#### DATA

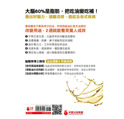原來,油會直接影響「大腦」健康。攝取好油,就能預防九成疾病。作者身為腦醫學博士和阿茲海默症權威,用專業知識分析食用油對大腦和身體的影響,並且詳細解說各種油品成分,為你提示該怎麼吃、怎麼選,從每日飲食中找回健康。
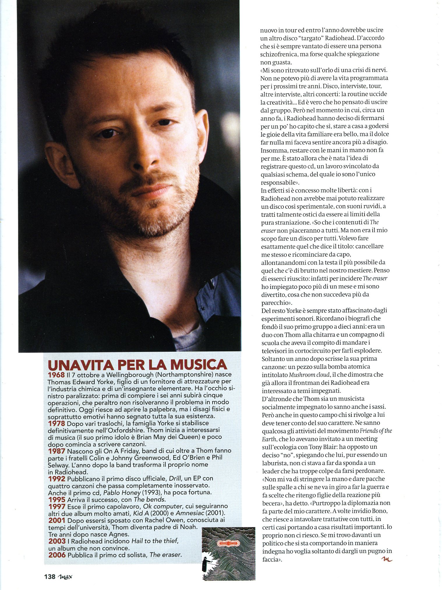 Era sull'orlo di una crisi di nervi, voleva lasciare i Radiohead. Poi ci ha ripensato. Sara, intanto esce il suo primo cd da solo.
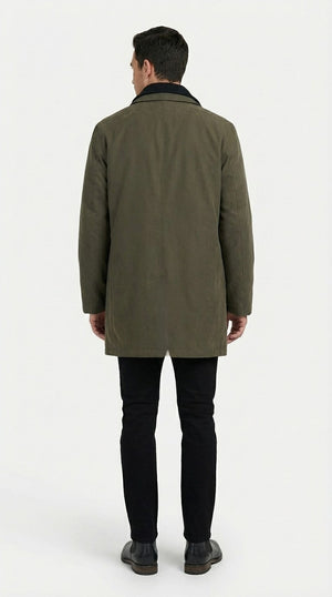Mens Olive Brown Trench Coat Raincoat – Classic Water Resistant Long Coat with Zip and Button Closure for Business, Travel and Everyday Outerwear
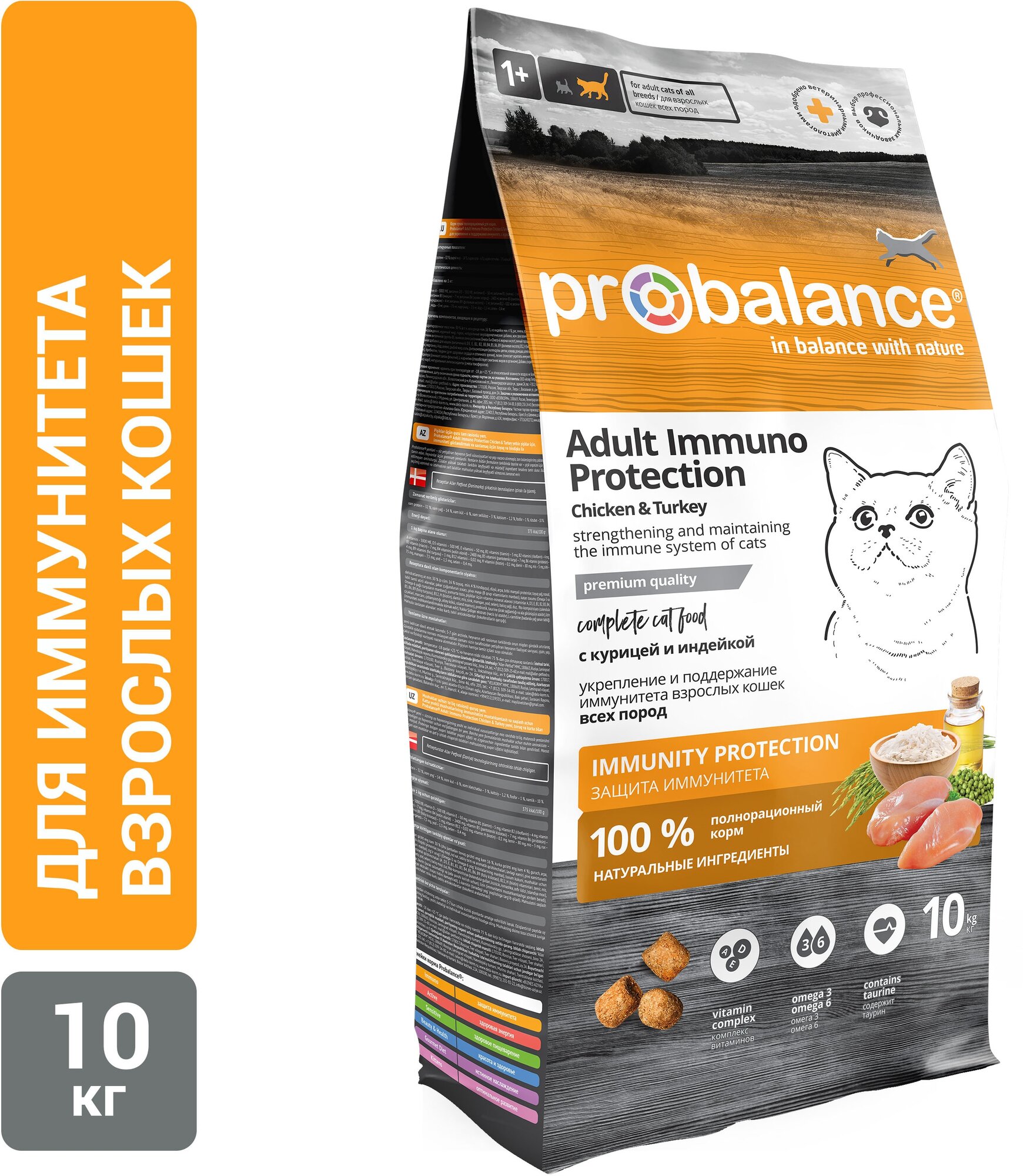 Корм для кошек ProBalance Adult Immuno Protectionсухой для кошек с курицей и индейкой, 10 кг

########

- [WORK REQUIRED]
Reproduce the listing exactly, but keep its images out of the copy.

- [WRITTEN ANSWER]
原來,油會直接影響「大腦」健康。攝取好油,就能預防九成疾病。作者身為腦醫學博士和阿茲海默症權威,用專業知識分析食用油對大腦和身體的影響,並且詳細解說各種油品成分,為你提示該怎麼吃、怎麼選,從每日飲食中找回健康。
 Era sull'orlo di una crisi di nervi, voleva lasciare i Radiohead. Poi ci ha ripensato. Sara, intanto esce il suo primo cd da solo.
Mens Olive Brown Trench Coat Raincoat – Classic Water Resistant Long Coat with Zip and Button Closure for Business, Travel and Everyday Outerwear
 Корм для кошек ProBalance Adult Immuno Protectionсухой для кошек с курицей и индейкой, 10 кг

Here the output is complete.